### Given entries
•••••
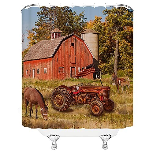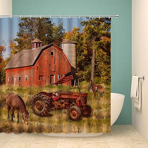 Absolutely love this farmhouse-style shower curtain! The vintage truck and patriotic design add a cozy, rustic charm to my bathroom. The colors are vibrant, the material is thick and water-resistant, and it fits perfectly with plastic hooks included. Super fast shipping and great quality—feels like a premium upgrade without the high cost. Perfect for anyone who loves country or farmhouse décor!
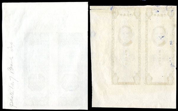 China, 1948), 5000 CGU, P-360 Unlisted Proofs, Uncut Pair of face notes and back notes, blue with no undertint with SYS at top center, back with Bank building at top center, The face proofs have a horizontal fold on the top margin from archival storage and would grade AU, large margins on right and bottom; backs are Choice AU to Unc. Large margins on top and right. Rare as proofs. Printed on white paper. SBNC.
•••••
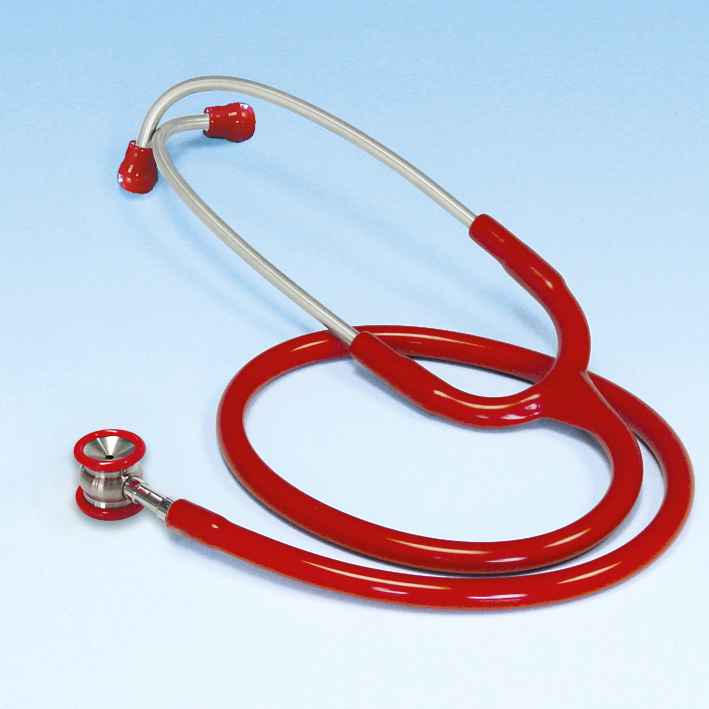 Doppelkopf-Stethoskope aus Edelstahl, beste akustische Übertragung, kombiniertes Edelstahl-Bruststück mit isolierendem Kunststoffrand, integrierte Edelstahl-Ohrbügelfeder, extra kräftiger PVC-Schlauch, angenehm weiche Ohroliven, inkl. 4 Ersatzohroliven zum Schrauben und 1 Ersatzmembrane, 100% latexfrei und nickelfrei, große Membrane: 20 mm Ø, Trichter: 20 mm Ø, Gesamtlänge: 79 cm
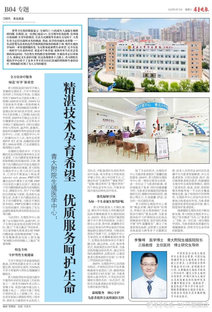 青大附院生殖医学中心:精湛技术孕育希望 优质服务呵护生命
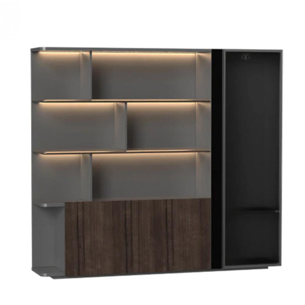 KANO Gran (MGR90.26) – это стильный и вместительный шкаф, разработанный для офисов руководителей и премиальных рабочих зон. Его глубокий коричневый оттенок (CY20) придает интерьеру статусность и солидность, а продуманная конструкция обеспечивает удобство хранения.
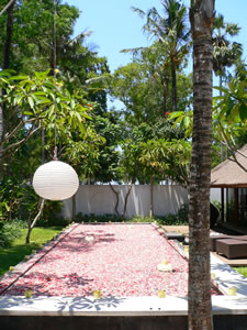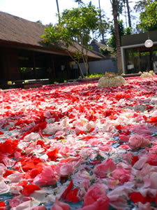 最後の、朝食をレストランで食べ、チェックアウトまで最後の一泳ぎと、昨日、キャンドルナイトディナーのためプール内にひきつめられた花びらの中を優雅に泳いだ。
•••••
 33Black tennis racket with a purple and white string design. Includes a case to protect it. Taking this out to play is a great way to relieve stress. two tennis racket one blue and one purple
•••••
### What the task asks
What are the lines above from the one with "青大附院生殖医学中心:精湛技术孕育希望 优质服务呵护生命" to the one with "最後の、朝食をレストランで食", both included? Reproduce them exactly, without pictures.

### Solution to this exercise
 青大附院生殖医学中心:精湛技术孕育希望 优质服务呵护生命
 KANO Gran (MGR90.26) – это стильный и вместительный шкаф, разработанный для офисов руководителей и премиальных рабочих зон. Его глубокий коричневый оттенок (CY20) придает интерьеру статусность и солидность, а продуманная конструкция обеспечивает удобство хранения.
 最後の、朝食をレストランで食べ、チェックアウトまで最後の一泳ぎと、昨日、キャンドルナイトディナーのためプール内にひきつめられた花びらの中を優雅に泳いだ。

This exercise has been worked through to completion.